You have to do it for the three IPs.

Automate The Shutdown of Ubuntu Instances Only Using Ansible Conditionals

Create another yml file called ec2_shutdown.yml and paste the below code:

---
- hosts: all
  become: true

  tasks:
    - name: Shutdown ubuntu instances only
      ansible.builtin.command: /sbin/shutdown -t now
      when:
       ansible_facts['os_family'] == "Debian"

Also, create an inventory file called inventory.ini in which all your servers' IP are listed.

Run the command
ansible-playbook -i inventory.ini ec2_shutdown.yml --vault-password-file vault.pass

Outputs

Additional Considerations:

Specific Conditions: You can customize the when condition based on your requirements.
Graceful Shutdown: Consider using shutdown -h +5 to allow processes to gracefully terminate before shutdown.
Error Handling: Implement error handling mechanisms to capture potential issues during shutdown.
Idempotency: Ensure the playbook is idempotent by using appropriate conditional logic or idempotent modules.
Alternative Shutdown Methods: Explore using the reboot or systemdmodules if needed.
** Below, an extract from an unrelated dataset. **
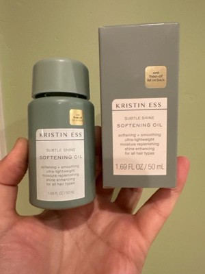 [This review was collected as part of a promotion.] **Kristin Ess Subtle Shine Softening Oil Review** I've recently incorporated the Kristin Ess Subtle Shine Softening Oil into my haircare routine, and it has quickly become a must-have product for me. Here’s why: **Performance:** This oil delivers on its promise of adding subtle shine and softness to the hair. After just a few uses, I noticed a significant improvement in the texture of my hair. It feels smoother, softer, and looks much healthier. The shine is natural and not greasy, giving my hair a polished and vibrant appearance. **Application:** The oil is lightweight and easy to apply. A little goes a long way, which makes the product last longer. I use just a few drops on damp hair before styling, and it absorbs quickly without leaving any residue. It’s also great for taming frizz and flyaways on dry hair. **Scent:** The fragrance is light and pleasant, not overpowering. It leaves my hair smelling fresh and clean, which is a nice bonus. The scent doesn’t clash with other hair products I use, which is important for maintaining a harmonious scent profile. **Packaging:** The packaging is sleek and functional. The bottle is easy to handle, and the dropper allows for precise application, ensuring that you don’t accidentally use too much product. The design also looks great on my vanity. **Ingredients:** I appreciate that Kristin Ess products are formulated with quality ingredients. This oil is free of harmful chemicals and is cruelty-free, aligning with my preference for ethical beauty products. It’s suitable for all hair types, including color-treated hair, which adds to its versatility. **Overall Experience:** My overall experience with the Kristin Ess Subtle Shine Softening Oil has been excellent. It delivers exactly what it promises: subtle shine, softness, and improved hair manageability. It’s a great finishing touch to my haircare routine, and I love the healthy, radiant look it gives my hair. I highly recommend this product to anyone looking to add a touch of luxury and effectiveness to their haircare regimen. It’s a game-changer for achieving soft, shiny, and beautifully manageable hair.

Example with Multiple Conditions:

when:
  - ansible_os_family == "Debian"
  - ansible_hostname in ['ubuntu_instance1', 'ubuntu_instance2']
  - ansible_uptime > 3600  # Shutdown after 1 hour of uptime

Conclusion: Automating AWS Infrastructure with Confidence

In this article, we've explored leveraging Ansible's powerful capabilities to automate key infrastructure tasks on AWS. We covered:

Provisioning EC2 instances: We demonstrated efficient instance creation using Ansible loops, catering to distributions like Ubuntu and Amazon Linux.
Passwordless authentication: We explored securing access from your control node to the newly created instances using public key authentication.
Conditional shutdown automation: We implemented an Ansible playbook that selectively shuts down Ubuntu instances based on the operating system family.
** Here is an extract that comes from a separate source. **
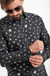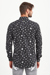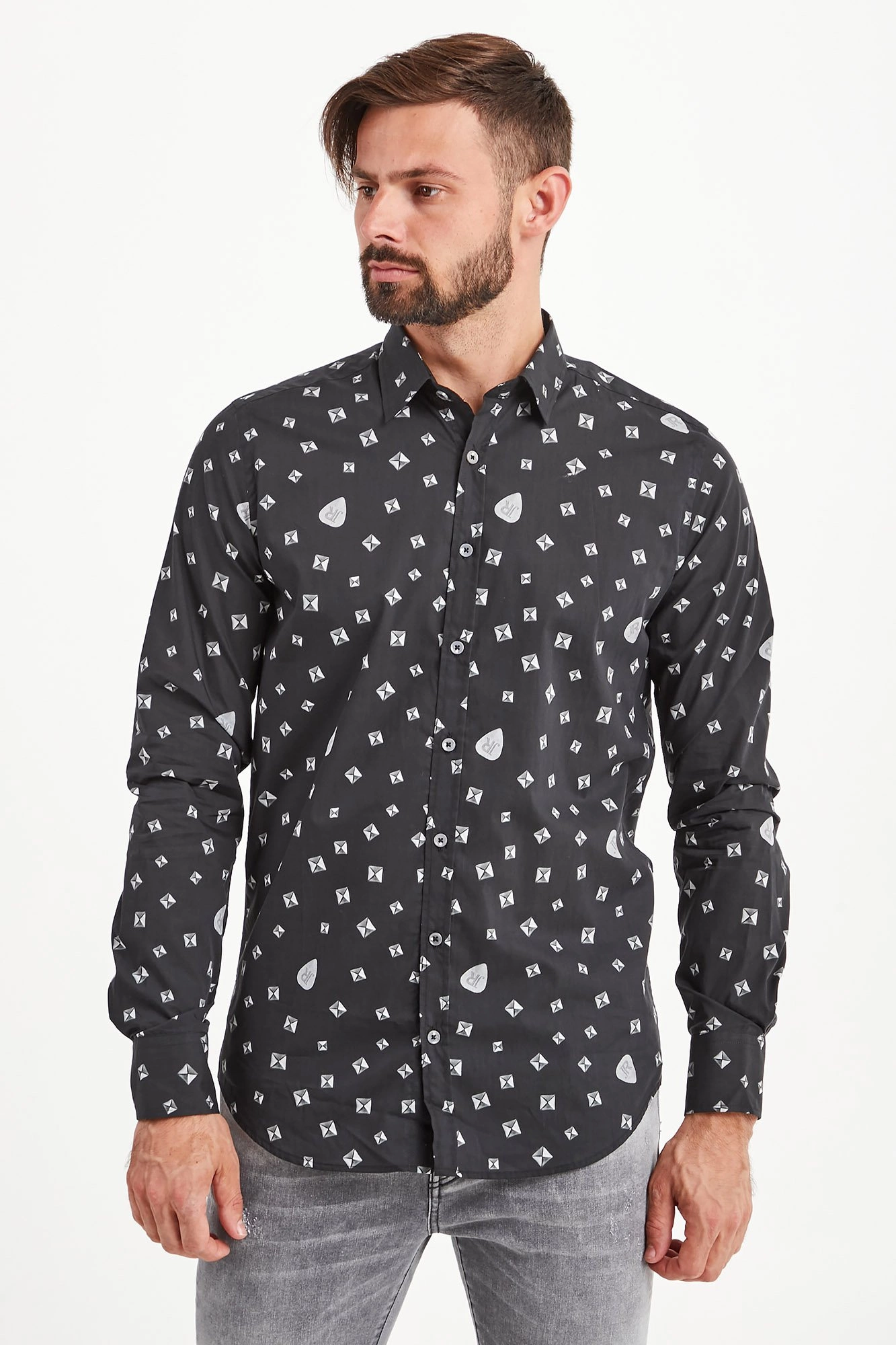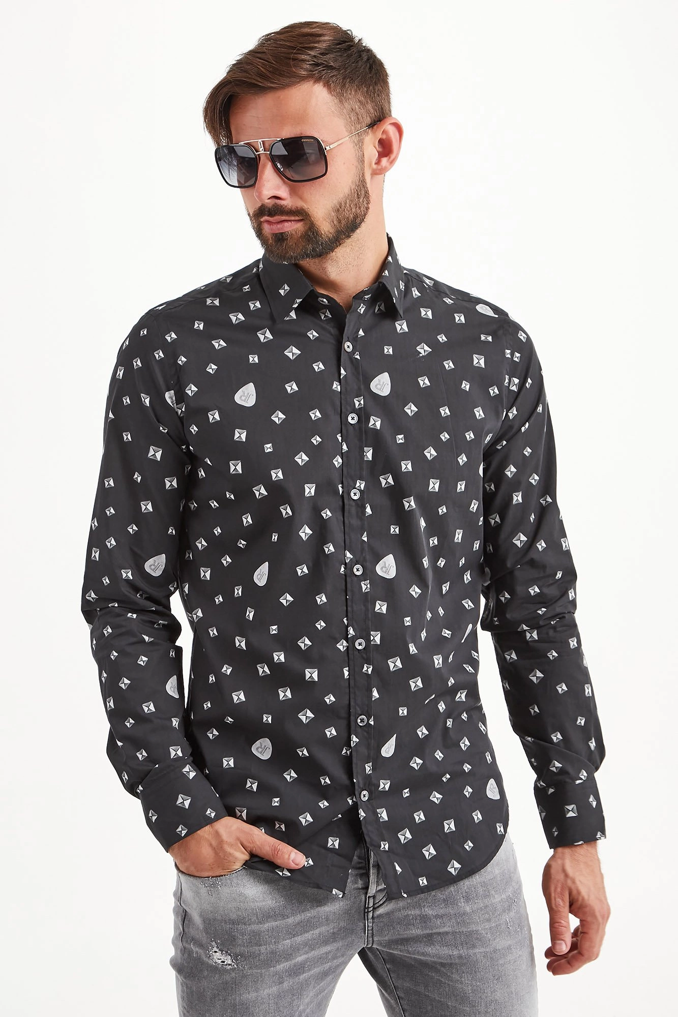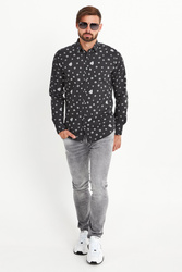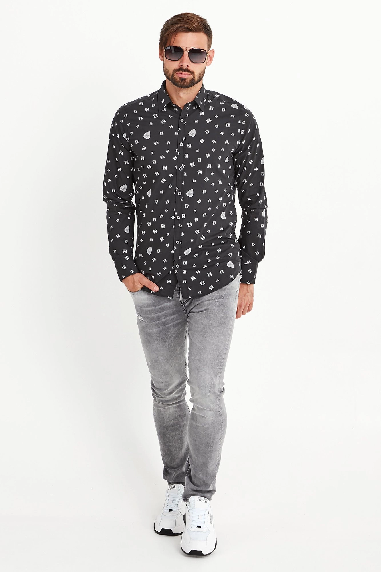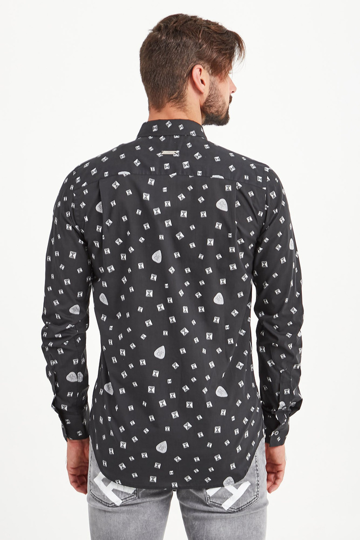 Koszula w czarnym kolorze. Na całości logowany marki połączony z figurami geometrycznymi utrzymany w odcieniach szarości. Kołnierzyk prosty typu kent. Zapinana na niewielkie sygnowane guziki. Rękawy wykończone prostym mankietem, zapinanym na jeden guzik. Z tyłu niewielka metalowa aplikacja z tłoczeniem nazwy marki. Koszula wykonana z wysokiej jakości bawełny. Klasyczna i elegancka.

By combining these techniques, you can significantly streamline your AWS infrastructure management. Customize the playbooks further to match your specific requirements and security protocols.

Ansible offers a vast range of modules and functionalities for managing your infrastructure. As you delve deeper, you can explore advanced features like:

Inventory management: Enhance inventory management to dynamically discover and target your AWS resources.
Configuration management: Automate server configuration and application deployment to ensure consistency across your infrastructure.
Cloud-specific modules: Utilize Ansible's extensive support for managing various cloud platforms like AWS, Azure, and GCP.

By embracing Ansible's automation capabilities, you can free yourself from repetitive tasks and focus on building and scaling your cloud infrastructure with greater efficiency and control.